Values are mean amplitude voltages of the hops in the centrifuge normalized to the mean amplitude voltages of the hops on the ground, i.e., a value of 100% means that the EMG activity is the same in the centrifuge as on the ground. Solid circles represent the EMG of the left muscles, open circles represent the EMG of the right muscles. Asterisk symbols denote a significant difference between hops on the ground and hops in the centrifuge with 1g. Muscle activity in the left leg tended to be higher than in the right leg (not significant this case, main effect of side in the ANOVA, L/R p-values), and increased with gravity level (main effect of gravity, G p-values).
Discussion
The results show that in principle, complex full-body movements such as reactive jumps can be quickly adapted to a non-constant force field and varying acceleration levels. However, key parameters such as peak ground reaction force, rate of force development and ground contact time differed significantly from the ones observed during vertical jumps, especially for acceleration levels lower than 1g. The analyses of the jump height and the kinematic data suggest that especially for the lower gravity levels, participants used a modified movement strategy with more flexion in the hip and knee joints, reduced joint excursions, lower jump height and prolonged ground contact times, probably to reduce the limb deflections and other effects of the Coriolis force and the non-constant force field.

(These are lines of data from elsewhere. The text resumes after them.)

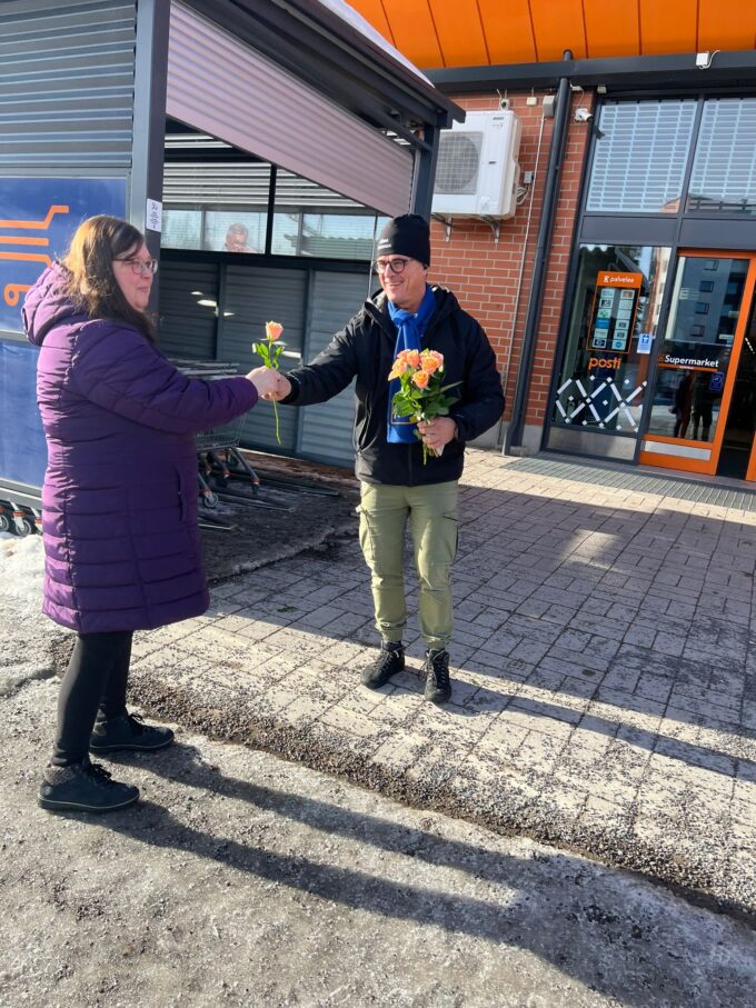 Naistenpäivänä 8.3. haluttiin kiittää ja huomioida alueen naisia heidän tärkeästä roolistaan perheissä, työelämässä ja yhteisössä. Ruusuja jaettiin hyvässä hengessä ja kohtaamiset kyläläisten kanssa toivat monia iloisia hetkiä päivän aikana.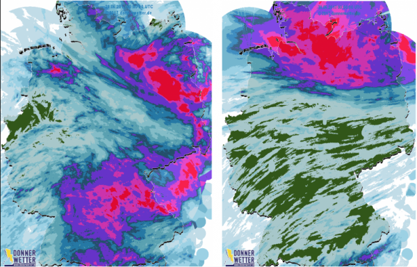 Die ergiebigen Regenfälle von der Ostsee über die Mitte des Landes bis in den Süden, setzten sich am Mittwoch (26.07.) fort - wobei sich der Schwerpunkt der Regenfälle im Tagesverlauf aber eher in Richtung Thüringen, Sachsen und Bayern verlagerte. Vor allem im südlichen Niedersachsen kam es durch die tagelangen Regenfälle zu größeren Überflutungen. Im Westen und Nordwesten des Landes stellte sich eine Wetterberuhigung ein. Bei längeren sonnigen Abschnitten konnten die Temperaturen im Emsland bis auf angenehm warme 25 Grad C klettern. Im Dauerregen über Bayern wurden allerdings kaum mehr als 14 Grad C gemessen.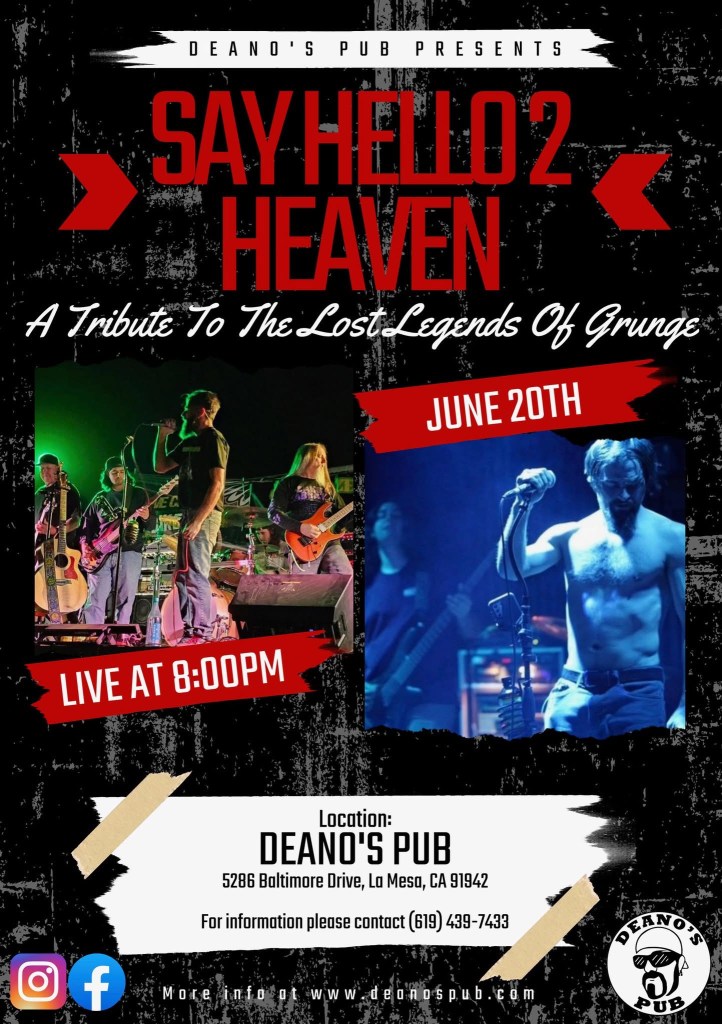 Friday June 20, 2025 – Deano’s Pub in La Mesa

The assumption that the differences between jumps during centrifugation and vertical jumps stem primarily from a different movement strategy aimed at reducing the effects of Coriolis forces and the non-constant force field is supported by the observation that the jumps in the sledge jumps system were much more comparable to vertical jumps. Both in the sledge jump system and the centrifuge the participants performed the jumps in a supine position with gravity levels between 0.5g and 1.5g, but in the sledge jump system the force that is applied to the participant is constant and the system is not rotating. It is therefore straightforward to propose that the additional differences between jumps during centrifugation and jumps in the sledge jump system stem primarily from the different force fields. Indeed, the jump height in the SJS increased in a more or less linear fashion from 1g to 0.5g (25cm to 39cm on average), whereas it remained at about 14cm for the jumps in the centrifuge. The lower hip and knee excursions during centrifugation—especially for the lower gravity levels, with virtually no knee extension during the concentric push-off phase—also fit with a strategy aimed at reducing limb deflections. In contrast, this strategy has not been reported for horizontal jumps in the absence of rotation [10]. Concomitantly, the muscle activity of the leg extensors during centrifugation was greatly reduced, especially for the knee extensors and lower gravity levels, which amounted to only about 30% of the activity recorded for vertical jumps. In contrast, the EMG of the lateral gastrocnemius muscle was comparable during centrifugation and vertical jumps, and soleus activity during ground contact only reduced to about 80%, which is consistent with the observation that the ankle joint excursions were much more comparable than the knee and hip joint excursions. It is interesting to note that despite the clear kinetic and kinematic differences between the jumps in the centrifuge and the vertical jumps, leg stiffness was not much lower in the centrifuge and did not change much with increasing g-level, suggesting that leg stiffness might be an important parameter that is being kept quite constant by the neuromuscular system [9].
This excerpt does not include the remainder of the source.